Sequences
Types of Sequence
Arithmetic (Linear) Sequences
Each term is obtained by adding (or subtracting) a constant difference $d$.
$$a,; a+d,; a+2d,; a+3d,; \ldots$$
nth term formula: $T_n = a + (n-1)d$, or equivalently $T_n = dn + c$
Example: 3, 7, 11, 15, 19, …
Common difference $d = 4$. First term $a = 3$. $$T_n = 4n - 1 \quad (\text{check: } T_1 = 3\checkmark,; T_2 = 7\checkmark)$$
Finding $d$ and $c$ from $T_n = dn + c$:
- $d$ = constant difference between consecutive terms.

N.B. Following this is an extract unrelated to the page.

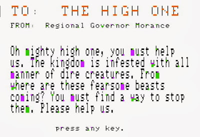 In this game, we're given a name for the external threat that caused the High One to seal himself and his people from the outside world: Atlantis. The Atlanteans developed science as an alternative to magic, grew powerful with their inventions, and began to enslave the rest of the world, hoping to eventually exterminate magic to preserve their dominance. As the new High One, the character from Odyssey must now contend with this threat. The game makes no secret from the outset that the successful player will be the one to cause Atlantis to sink into the ocean. His mission is to cause a volcano to erupt by casting his magic orb in . . . keep it together, kids . . . the Crack of Doom.
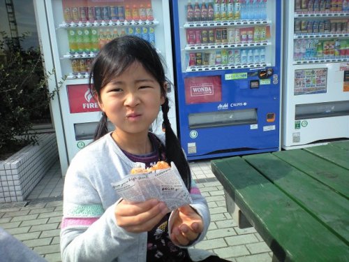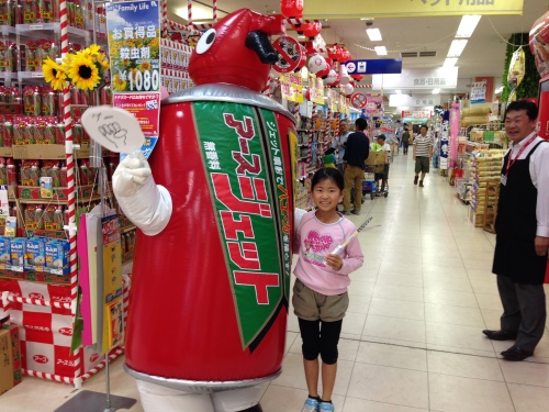 買い物に行ったら アースジェット が居ました。じゃんけんで勝った商品を貰って記念撮影 「さしばし」 でした!!

- $c = T_1 - d$ (or match term values to find $c$).
Geometric Sequences
Each term is obtained by multiplying by a constant ratio $r$.
$$a,; ar,; ar^2,; ar^3,; \ldots$$
nth term: $T_n = a \cdot r^{n-1}$
Example: 2, 6, 18, 54, … (ratio $r = 3$; $T_n = 2 \times 3^{n-1}$)
Fibonacci Sequences
Each term is the sum of the two preceding terms.
$$1,; 1,; 2,; 3,; 5,; 8,; 13,; 21,; \ldots$$
$$F_n = F_{n-1} + F_{n-2}$$
Quadratic Sequences
Second differences are constant (but first differences are not).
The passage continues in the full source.